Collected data
##########

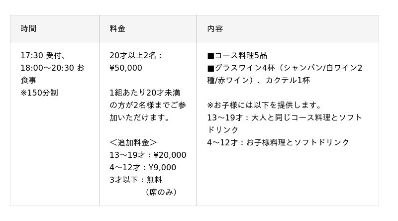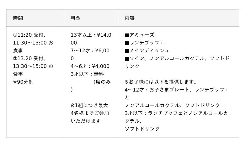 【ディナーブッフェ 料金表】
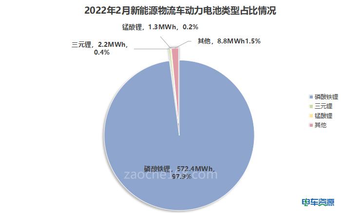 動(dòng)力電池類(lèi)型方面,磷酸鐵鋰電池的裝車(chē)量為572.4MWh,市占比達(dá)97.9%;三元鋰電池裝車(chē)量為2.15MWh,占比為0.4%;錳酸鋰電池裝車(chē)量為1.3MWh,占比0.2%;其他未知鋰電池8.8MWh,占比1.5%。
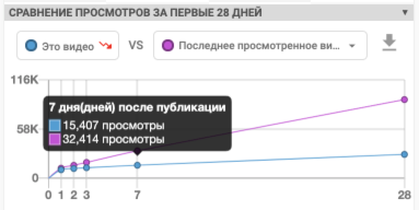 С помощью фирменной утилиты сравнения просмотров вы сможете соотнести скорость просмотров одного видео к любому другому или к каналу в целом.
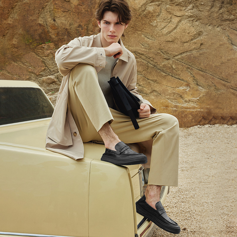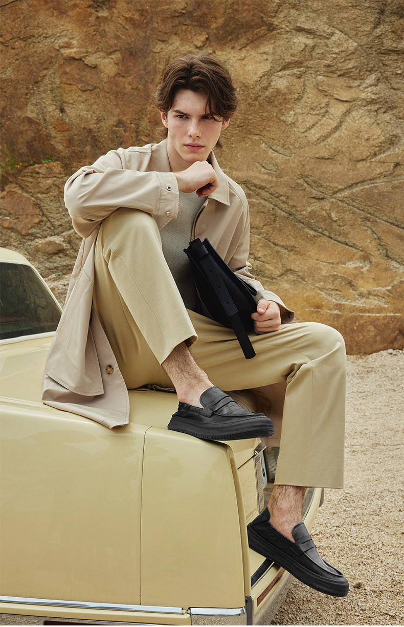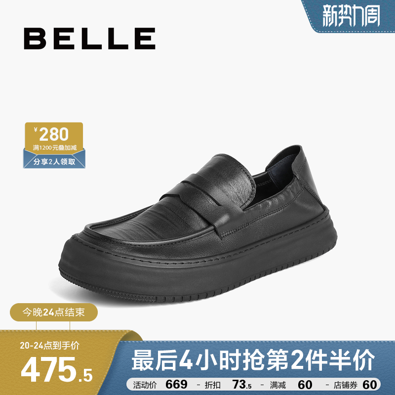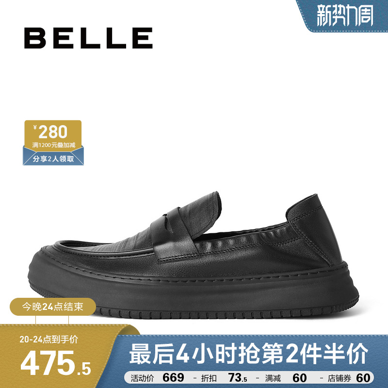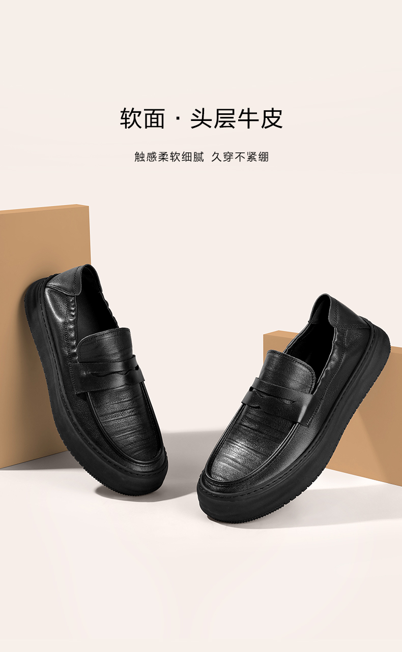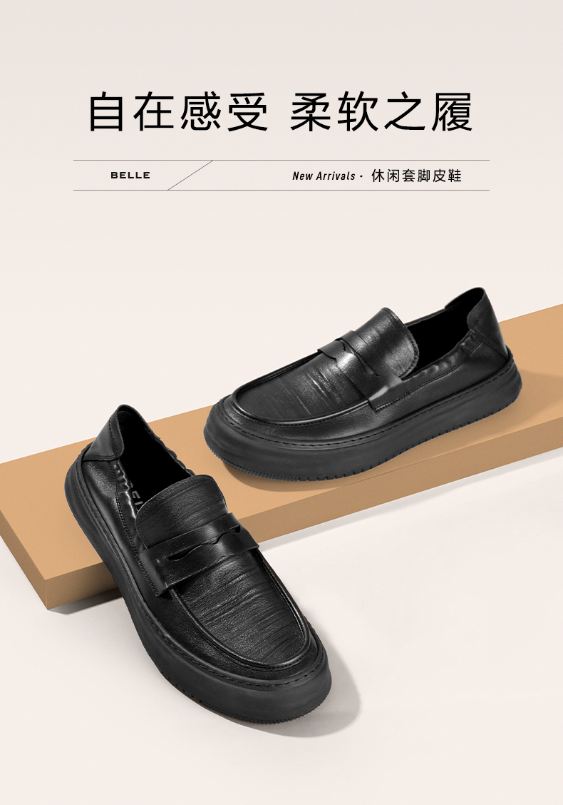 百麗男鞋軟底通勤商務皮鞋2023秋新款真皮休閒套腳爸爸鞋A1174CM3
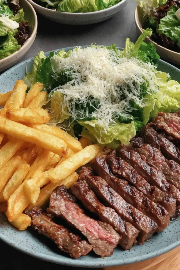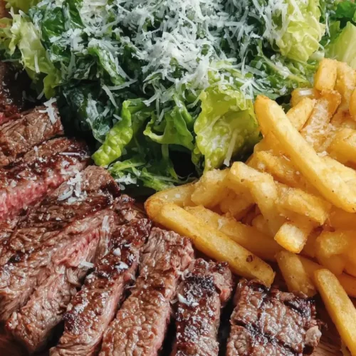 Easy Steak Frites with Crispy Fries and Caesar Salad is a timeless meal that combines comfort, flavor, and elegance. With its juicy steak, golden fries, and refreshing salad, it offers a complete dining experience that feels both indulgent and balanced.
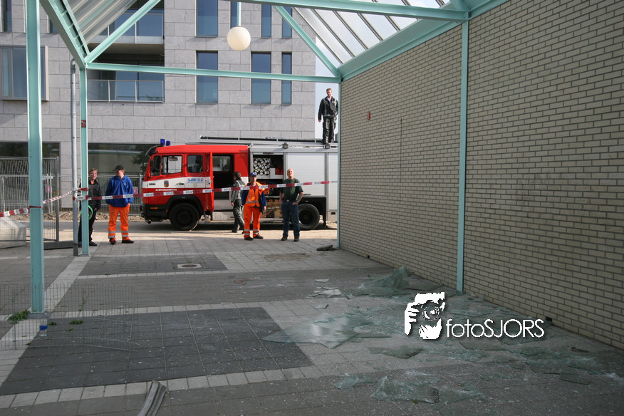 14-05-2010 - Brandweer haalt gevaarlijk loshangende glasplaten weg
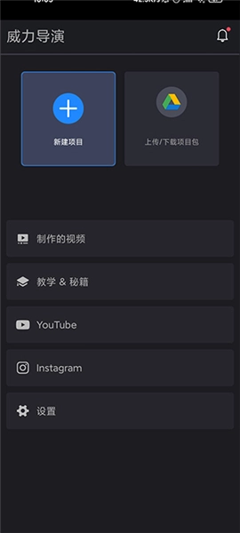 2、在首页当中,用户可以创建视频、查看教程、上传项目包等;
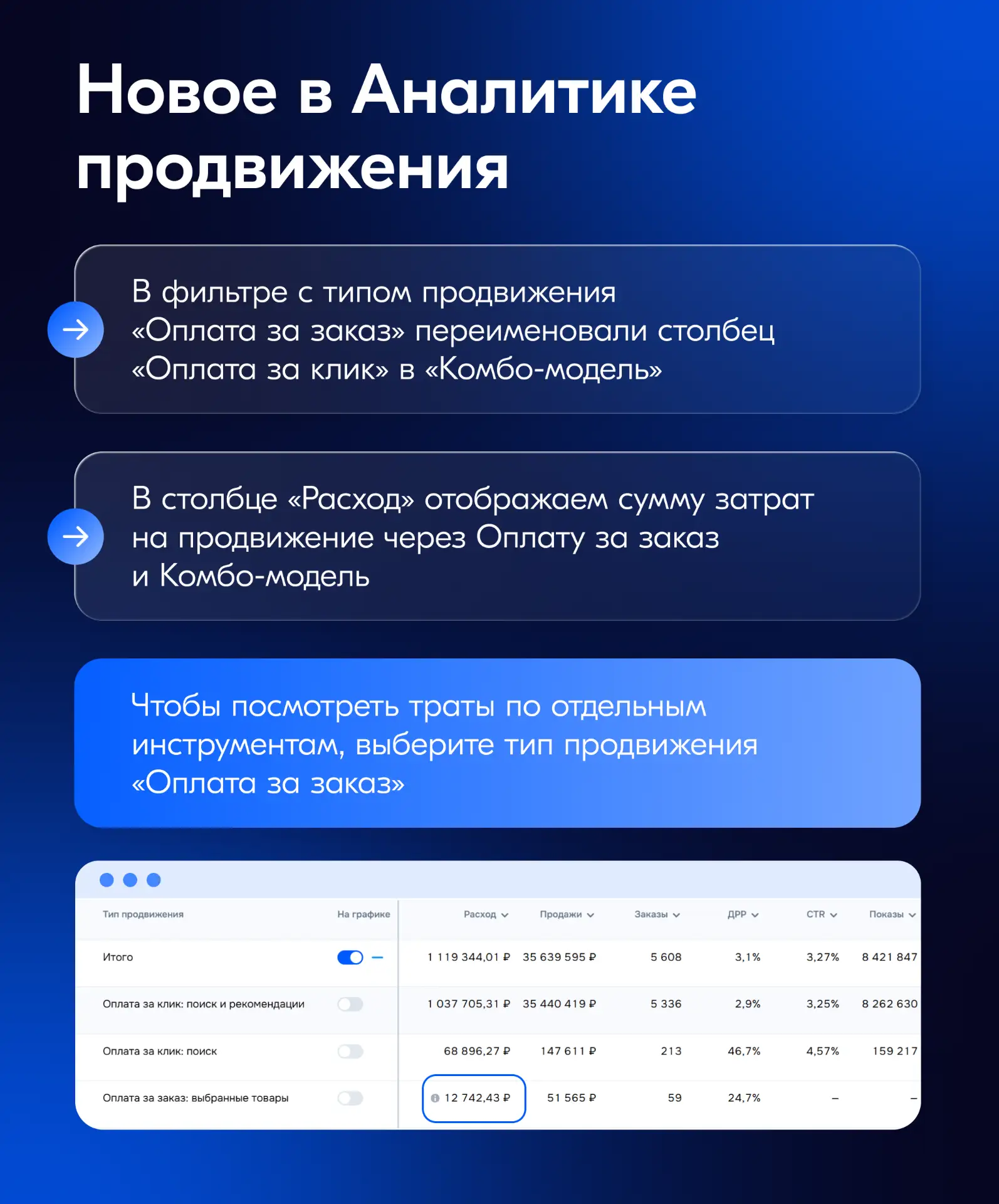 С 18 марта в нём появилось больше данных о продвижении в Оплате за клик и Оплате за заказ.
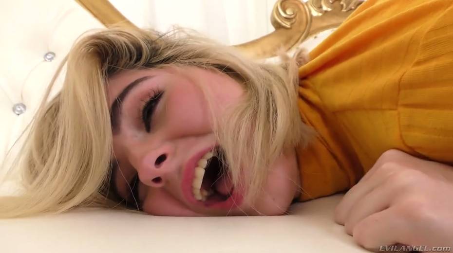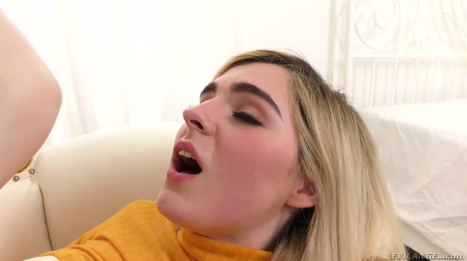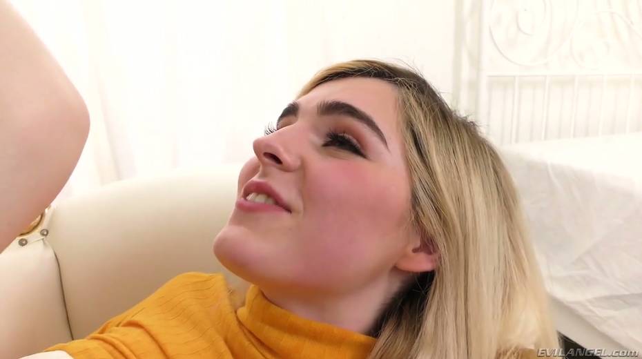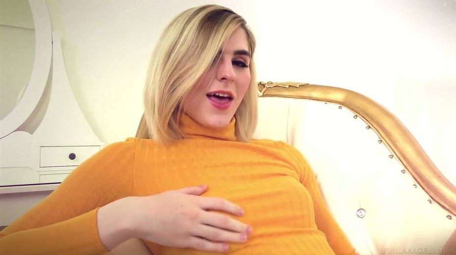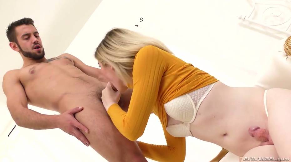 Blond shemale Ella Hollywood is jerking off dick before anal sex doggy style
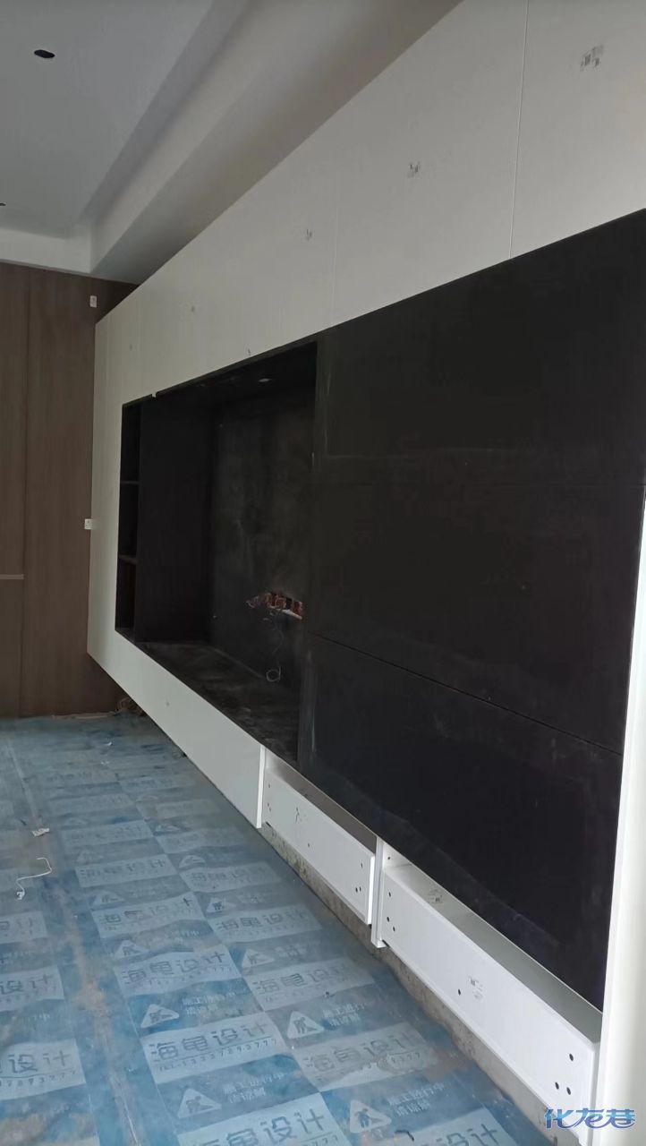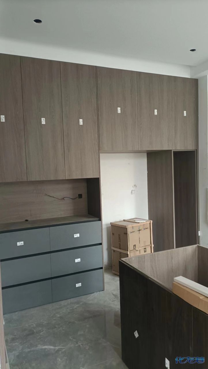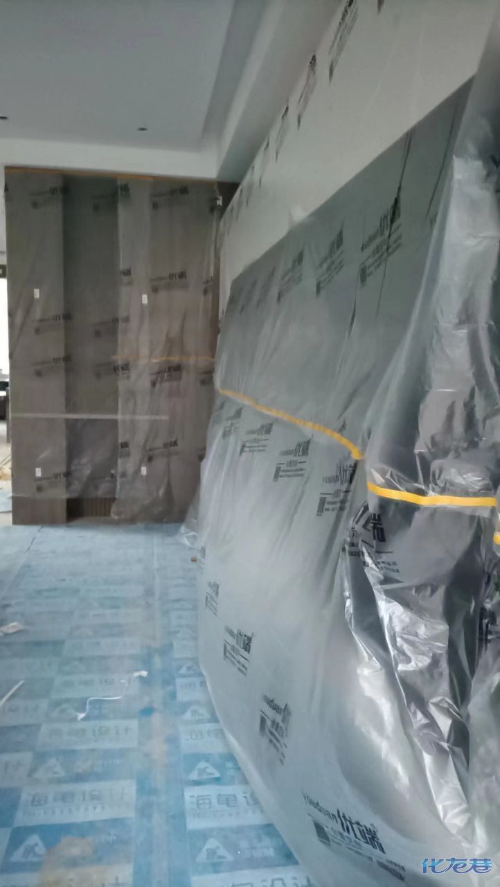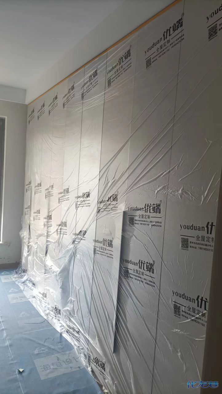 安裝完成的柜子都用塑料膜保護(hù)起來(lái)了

##########

Take the line containing "2、在首页当中,用户可以创建视频、查看教程、上传项目包等;" and every line after it through the end of the data, and write them out exactly, with no pictures.

§ The completed task:
 2、在首页当中,用户可以创建视频、查看教程、上传项目包等;
 С 18 марта в нём появилось больше данных о продвижении в Оплате за клик и Оплате за заказ.
 Blond shemale Ella Hollywood is jerking off dick before anal sex doggy style
 安裝完成的柜子都用塑料膜保護(hù)起來(lái)了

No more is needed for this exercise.